Monday, April 13, 2020

Handwoven Cotton Tea Towels

I have decided that handwoven tea towels is my new favorite thing to weave. If you have dipped your toe into weaving projects, you’ve probably made a few scarves—but have you tried making towels? Tea towels are easy to come by at stores, but a good one that’s absorbent and looks nice might set you back $10. Cotton yarn is relatively cheap and available in a variety of colors (sure, perhaps not in as many colors as we find for wool/silk) and you might be able to make two towels for the same price. The selling feature isn’t the cheap price; I think it resides in the wonderful material qualities of a handwoven towel.


I made two tea towels for about $10 when I was at a weaving workshop at the guild back in late 2017. We followed a series of exercises devised by our teacher, Wendy, to explore the ways we can alternate colors to create interesting patterns. As many of you know, I struggle with anything intricate (eg, lace, colorwork) or requires me to me to be random. Having a method to follow in a sequence (pattern block A, pattern block B…) was great and my towels don’t look too boring. Note: if you want the pattern exercises I followed to make your own sample towels, let me know and I can see about getting permission to publish them.

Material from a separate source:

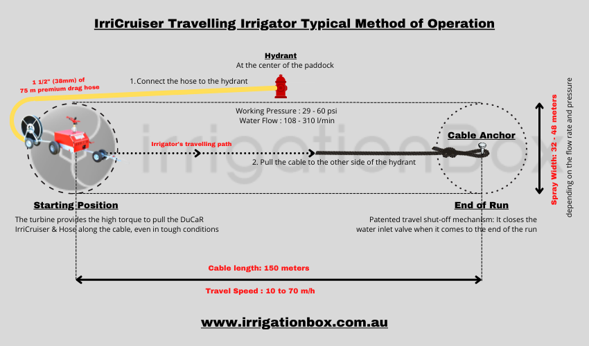 STOP wasting time to fix your pop-up sprinklers. IrriCruiser MINI is very easy to use, efficient, turbine drive, LOW-COST travelling irrigator, and is suitable for lawn, sports fields, golf, race courses and small- to medium size hobby gardens.

Aside from the simplicity of the pattern and ease of weaving in tabby, they have held up very well. At first, I was skeptical that they’d last and I did treat them differently as compared to my store-bought towels. After a few months and a few washes, I stopped caring because they held up very well! Two and a half years later, they still look great despite a few spots where the yarns are starting to fray. The fringe, which I was certain would start to fall apart after a few washes, has held together very well too. Overall, I am very please with the result and I hope that I have inspired others to pursue making handwoven tea towels.


Tuesday, March 3, 2020

Long-handled combs

I will be cross-posting to Blogger from my main website for those of you who still have my RSS feed!

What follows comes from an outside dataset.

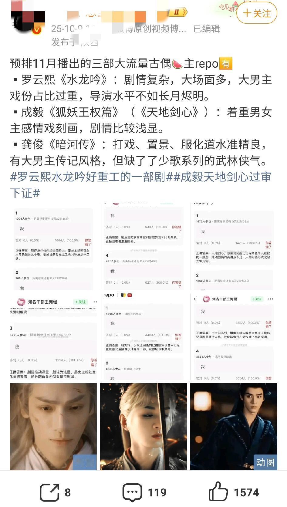 会扑吗?罗云熙成毅龚俊新剧大事不妙啊! 近日,《长月烬明》《天地剑心》《暗河传》三部万众瞩目的大男主剧频频异动,这是要空降开播的信号啊!因此不少瓜主发布看片repo,🈶网友总结如下: 《水龙吟》不如《长月烬明》 《天地剑心》只有感情戏能看 《暗河传》不缺少《少年歌行》侠气 从发布的预告来看,个个都是强大的高颜值阵容、精美服化道、行云流水的打戏……精彩的不行,都不错啊!会扑我不信!大家怎么看?龚俊 罗云熙

Have you ever read a description of something and wondered, “Is that really how they worked?” Curiosity really intrigued me when I began researching the so-called ‘weaving’ combs for my thesis project. They have been a consistent feature in the British Iron Age textile tool assemblage. When I first embarked on my PhD project, I was mainly focused on loomweights and spindle whorls because, as a maker, I was fairly confident that these tools were part of the textile production sequence. But these combs seemed a bit of out place with warp-weighted loom technology. Though I had my doubts regarding their utility, I placed them out of mind until I had made headway on my overall research project. I focused on building up my database of textile tools and gauging how much data I would need to adequately work on the project. I also worked on experiments to begin satisfying my need to understand the physicality of the tools. After the conclusion of my first year researching, I felt it was time to take a look at the combs.

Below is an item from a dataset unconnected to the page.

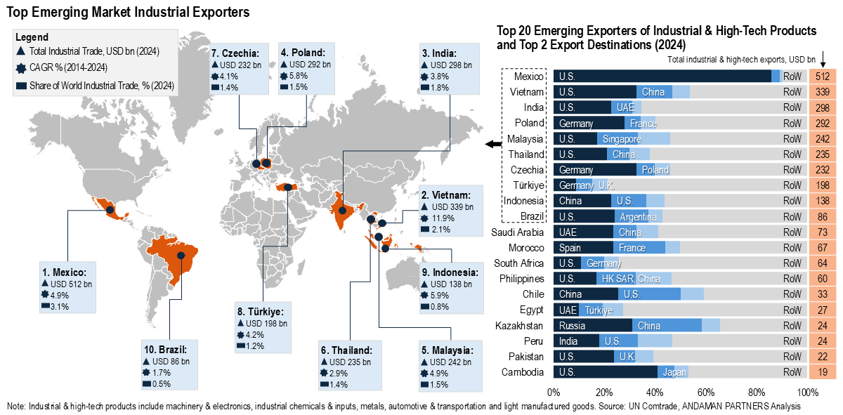 While industrial demand remains concentrated in the U.S., China and the EU, a new generation of emerging-market exporters is expanding within global production networks, reshaping the geography of industrial sourcing.

A long-handled comb from Danebury hillfort, UK. This comb has been burned.
Year 2 could be characterized as the year I spent trying to figure out the purpose of these tools by considering the history of their research. Conducting a ‘literature review’ (ie, you read what others have said about some topic and you write about it in an abbreviated essay/chapter) is a fairly recent requirement for research projects these days but I had never felt the true value of such an endeavor until I started reading what others had said about long-handled combs. After seeing the combs in person and examining them under a microscope, I was hooked. I had to learn more and I had to determine a sensible way to examine their functional attributes, beyond their decoration.

Year 3 could be understood as the year of advancing boundaries and seriously critiquing what we know about all the textile tools (loomweights, spindle whorls, long-handled combs, and needles). After a second viewing of these textile tools, I wrote four extensive chapters on the textile tools and still I was unsure what to do about these combs. In a twist, I was able to see them again for a third time. It’s amazing what an extensive literature review and the gestation of thoughts can do for a scholar trying to figure out how to figure something out. I’d like to consider myself an archaeological engineer in a sense because I am presented with something which has an unknown purpose and I’ve been asked to uncover its function. Using applied methods, engineers can take a prototype and create a working version; experimental archaeology affords archaeology a similar option.

Of course, experimentation is always problematic in archaeology because we deal with many unknowns, including how societies interpreted this technology and how they utilized it. Academic research is very slow, but I am beginning to realize that it needs to be slow. Just like how my craft knowledge took several years to develop, my sense of understanding archaeological problems takes time. If you look at my conference and publishing record, I have committed the majority of my research time to long-handled combs and explaining the issues surrounding their interpretation. Keeping my discussion of these combs in balance to the other textile tools I study has sometimes been very hard because I am adamant about not privileging one tool type over the others.

Studying the archaeological record and seeking out the voices, gestures, and intentions captured within each object fuels my need to research. I will keep an open mind as I go.